Use Cases for this specific action:

  • Virtual Assistants: Enhance user interactions by providing voice responses that sound like a specific person.
  • Audiobook Creation: Generate narrated versions of text content, making literature more accessible.
  • Language Learning: Create engaging and personalized audio for language learners, helping them better understand pronunciation and intonation.
  • Multimedia Applications: Add voiceovers to videos or presentations, improving viewer engagement through personalized audio.
import requests
import json

# Replace with your actual Cognitive Actions API key and endpoint
# Ensure your environment securely handles the API key
COGNITIVE_ACTIONS_API_KEY = "YOUR_COGNITIVE_ACTIONS_API_KEY"
# This endpoint URL is hypothetical and should be documented for users
COGNITIVE_ACTIONS_EXECUTE_URL = "https://api.cognitiveactions.com/actions/execute"

action_id = "68dff14c-53f9-43b9-afc1-bb739937cecb" # Action ID for: Generate Voice Clone Speech

# Construct the exact input payload based on the action's requirements
# This example uses the predefined example_input for this action:
payload = {
  "text": "Hi there.
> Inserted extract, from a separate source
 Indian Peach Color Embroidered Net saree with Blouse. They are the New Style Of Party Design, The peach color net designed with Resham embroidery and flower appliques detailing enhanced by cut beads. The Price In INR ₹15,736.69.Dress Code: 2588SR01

This is forked Coqui XTTS-2 model with 17 languages supported.",
  "speaker": "https://replicate.delivery/pbxt/Jt79w0xsT64R1JsiJ0LQRL8UcWspg5J4RFrU6YwEKpOT1ukS/male.wav",
  "outputLanguage": "en"
}

headers = {
    "Authorization": f"Bearer {COGNITIVE_ACTIONS_API_KEY}",
    "Content-Type": "application/json",
    # Add any other required headers for the Cognitive Actions API
}

# Prepare the request body for the hypothetical execution endpoint
request_body = {
    "action_id": action_id,
    "inputs": payload
}

print(f"--- Calling Cognitive Action: {action.name or action_id} ---")
print(f"Endpoint: {COGNITIVE_ACTIONS_EXECUTE_URL}")
print(f"Action ID: {action_id}")
print("Payload being sent:")
print(json.dumps(request_body, indent=2))
print("------------------------------------------------")

try:
    response = requests.post(
        COGNITIVE_ACTIONS_EXECUTE_URL,
        headers=headers,
        json=request_body
    )
    response.raise_for_status() # Raise an exception for bad status codes (4xx or 5xx)
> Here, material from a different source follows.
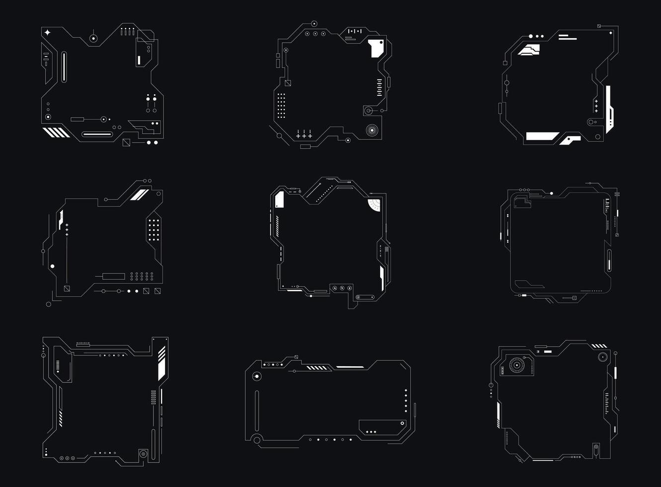 Futuristic interface ui elements. Futuristic HUD elements. Hud interface set. illustration. Pro Vector

    result = response.json()
    print("Action executed successfully. Result:")
    print(json.dumps(result, indent=2))

except requests.exceptions.RequestException as e:
    print(f"Error executing action {action_id}: {e}")
    if e.response is not None:
        print(f"Response status: {e.response.status_code}")
        try:
            print(f"Response body: {e.response.json()}")
        except json.JSONDecodeError:
            print(f"Response body (non-JSON): {e.response.text}")
    print("------------------------------------------------")

Conclusion

The Xtts V2 Fork's voice cloning capabilities offer immense value for developers looking to integrate advanced text-to-speech functionalities into their applications. With support for multiple languages and the ability to replicate unique speaker characteristics, this service can cater to a wide range of use cases, from enhancing user experiences to creating engaging educational tools.

As you explore the possibilities of the Xtts V2 Fork, consider how you can leverage these features in your applications to provide richer, more interactive experiences for your users.